[THE TASK] Using the data that follows, give again word for word the lines between the one holding "- BD 382512" and the one holding "3. Place the", inclusive. Omit the pictures.

[SOURCE MATERIAL]
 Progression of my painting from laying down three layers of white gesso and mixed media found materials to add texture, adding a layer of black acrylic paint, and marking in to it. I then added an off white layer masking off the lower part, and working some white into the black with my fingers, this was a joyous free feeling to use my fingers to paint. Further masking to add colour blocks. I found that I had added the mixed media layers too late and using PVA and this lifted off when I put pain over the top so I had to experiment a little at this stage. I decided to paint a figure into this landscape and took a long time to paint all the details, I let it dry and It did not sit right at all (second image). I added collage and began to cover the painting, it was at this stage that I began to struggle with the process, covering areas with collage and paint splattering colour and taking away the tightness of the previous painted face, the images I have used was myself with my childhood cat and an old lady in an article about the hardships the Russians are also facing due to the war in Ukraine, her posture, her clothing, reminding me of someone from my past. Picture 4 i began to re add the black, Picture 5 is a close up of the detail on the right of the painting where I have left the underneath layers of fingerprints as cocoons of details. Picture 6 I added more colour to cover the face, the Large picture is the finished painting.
--
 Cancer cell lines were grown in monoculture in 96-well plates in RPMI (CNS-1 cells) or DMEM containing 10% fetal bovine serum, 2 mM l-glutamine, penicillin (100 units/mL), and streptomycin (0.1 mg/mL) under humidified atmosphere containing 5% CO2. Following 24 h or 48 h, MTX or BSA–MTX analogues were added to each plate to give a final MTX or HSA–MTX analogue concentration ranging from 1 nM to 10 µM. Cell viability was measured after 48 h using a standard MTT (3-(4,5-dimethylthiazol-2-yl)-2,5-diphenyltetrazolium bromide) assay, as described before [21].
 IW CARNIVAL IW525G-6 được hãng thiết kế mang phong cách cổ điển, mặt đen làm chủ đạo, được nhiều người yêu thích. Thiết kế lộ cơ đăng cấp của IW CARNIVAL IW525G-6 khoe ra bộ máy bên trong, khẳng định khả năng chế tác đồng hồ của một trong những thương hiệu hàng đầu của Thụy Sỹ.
...
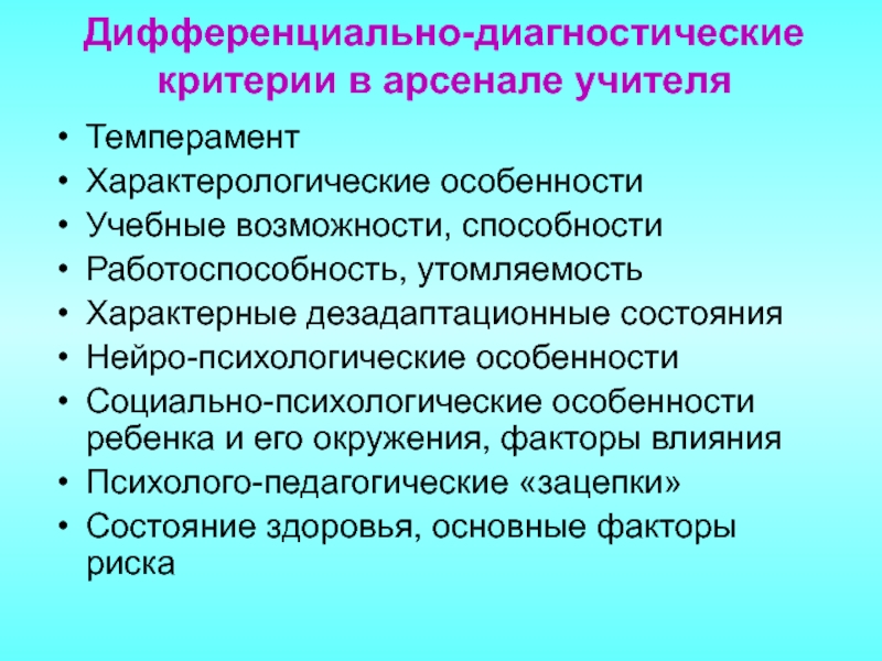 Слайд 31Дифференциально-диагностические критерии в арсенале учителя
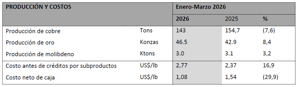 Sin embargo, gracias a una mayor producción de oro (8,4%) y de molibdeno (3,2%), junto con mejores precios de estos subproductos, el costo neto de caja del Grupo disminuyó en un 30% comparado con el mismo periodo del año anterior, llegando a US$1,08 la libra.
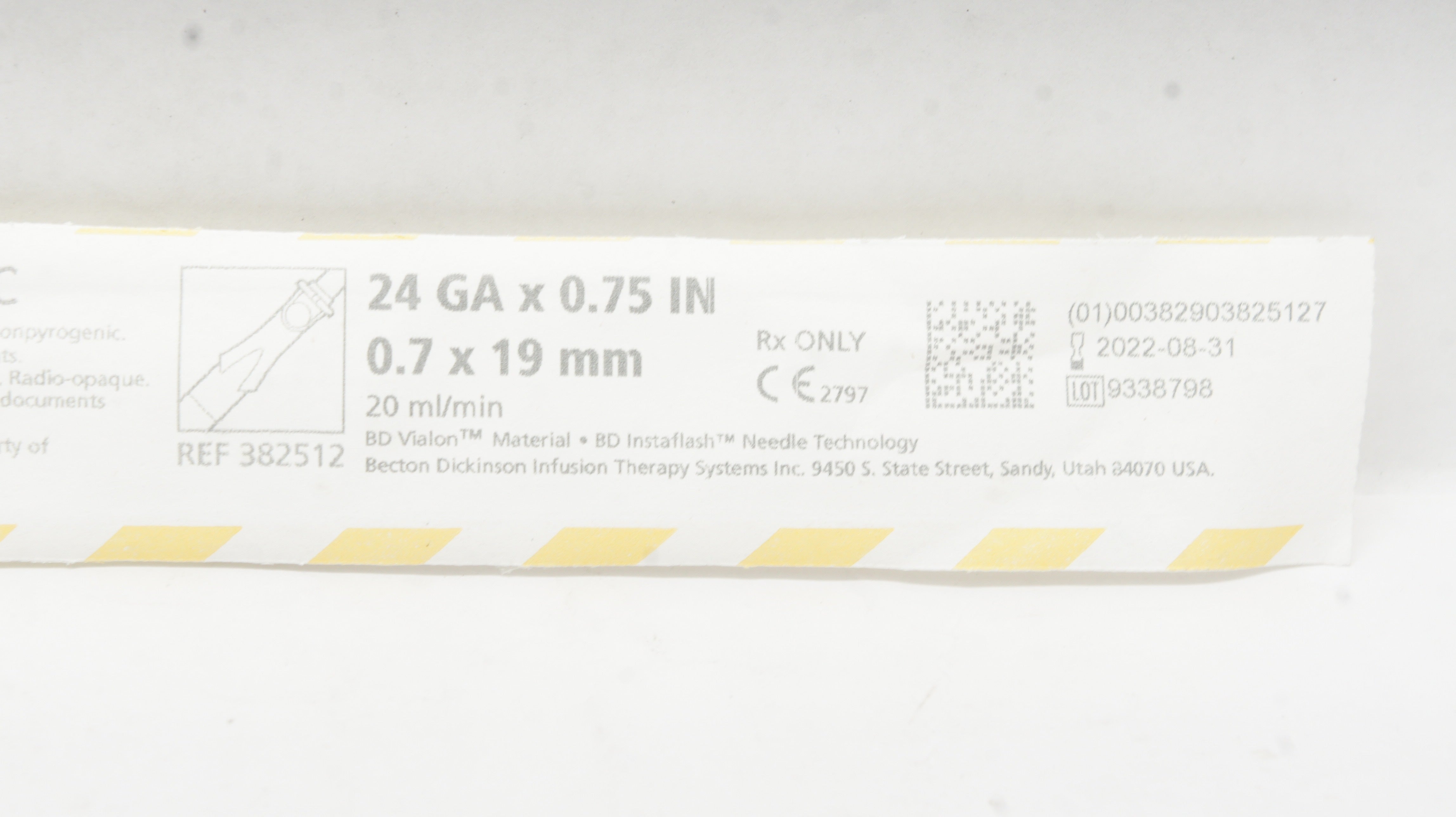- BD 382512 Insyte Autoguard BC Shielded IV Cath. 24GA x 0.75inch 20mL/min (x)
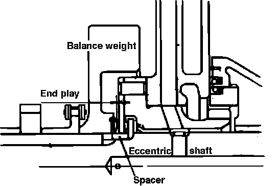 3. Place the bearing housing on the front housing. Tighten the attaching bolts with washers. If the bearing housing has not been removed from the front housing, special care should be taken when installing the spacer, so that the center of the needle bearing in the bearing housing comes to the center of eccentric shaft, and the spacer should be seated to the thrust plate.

[TASK ANSWER]
- BD 382512 Insyte Autoguard BC Shielded IV Cath. 24GA x 0.75inch 20mL/min (x)
 3. Place the bearing housing on the front housing. Tighten the attaching bolts with washers. If the bearing housing has not been removed from the front housing, special care should be taken when installing the spacer, so that the center of the needle bearing in the bearing housing comes to the center of eccentric shaft, and the spacer should be seated to the thrust plate.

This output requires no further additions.